I pick up my blue and silver teacup and think for a moment about those long years I lived in York and how lonely I was. And then I think about Marcus and how I thought he was going to change my life.

‘I stayed on at university for another year to do my masters,’ I say. ‘And then I got offered funding to do my PhD if I stayed on as an undergraduate lecturer.’

‘That sounds amazing,’ he says but he must see the look on my face and I watch his brows knit together. ‘Wasn’t it?’ he asks.

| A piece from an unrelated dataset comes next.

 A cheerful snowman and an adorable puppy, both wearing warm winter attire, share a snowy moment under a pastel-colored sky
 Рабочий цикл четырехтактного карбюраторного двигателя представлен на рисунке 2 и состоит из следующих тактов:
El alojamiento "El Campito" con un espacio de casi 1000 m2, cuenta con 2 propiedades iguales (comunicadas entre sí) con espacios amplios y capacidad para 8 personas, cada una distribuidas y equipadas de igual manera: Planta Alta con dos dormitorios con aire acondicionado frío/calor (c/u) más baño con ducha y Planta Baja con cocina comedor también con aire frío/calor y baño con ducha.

‘On paper it was an amazing opportunity, but in reality…’ I pause. ‘I’m quite shy and anxious and I felt sick every time I had to give a lecture. My professor told me it was just nerves and that I’d get used to it. But I never did.’

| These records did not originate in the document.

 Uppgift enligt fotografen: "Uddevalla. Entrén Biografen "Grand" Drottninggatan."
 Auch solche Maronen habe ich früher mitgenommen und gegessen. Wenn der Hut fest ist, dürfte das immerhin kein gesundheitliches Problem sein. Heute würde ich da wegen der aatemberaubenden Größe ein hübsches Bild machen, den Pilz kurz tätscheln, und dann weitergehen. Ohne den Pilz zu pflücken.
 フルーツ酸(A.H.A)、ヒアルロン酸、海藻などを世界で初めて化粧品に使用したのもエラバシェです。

‘You don’t seem shy,’ he says.

I laugh because I hear this all the time when I’m in Sanderson Bay.

‘You’re seeing me on my home turf,’ I say. ‘I know everyone in town and I’ve lived here on and off since I was a teenager. I’m comfortable here.’

‘You don’t know me though,’ he says.

‘Yes, but this is just a one-on-one situation. I’m fine talking to just one person, especially if it’s about something I’m interested in.’

‘Like tea?’

I smile. ‘Yes, like tea,’ I say. ‘But also art. The problems came when I had to stand up in front of a lecture theatre of students who are only a few years younger than me.’

‘How long did you do it for?’

‘Nearly five years and then…’ I stop and I look at him. I can’t talk about what happened. Not tonight, not here with this beautiful dark-haired, grey-eyed man. I don’t want to feel like this or think about Marcus or my unfinished PhD when I’m talking to him.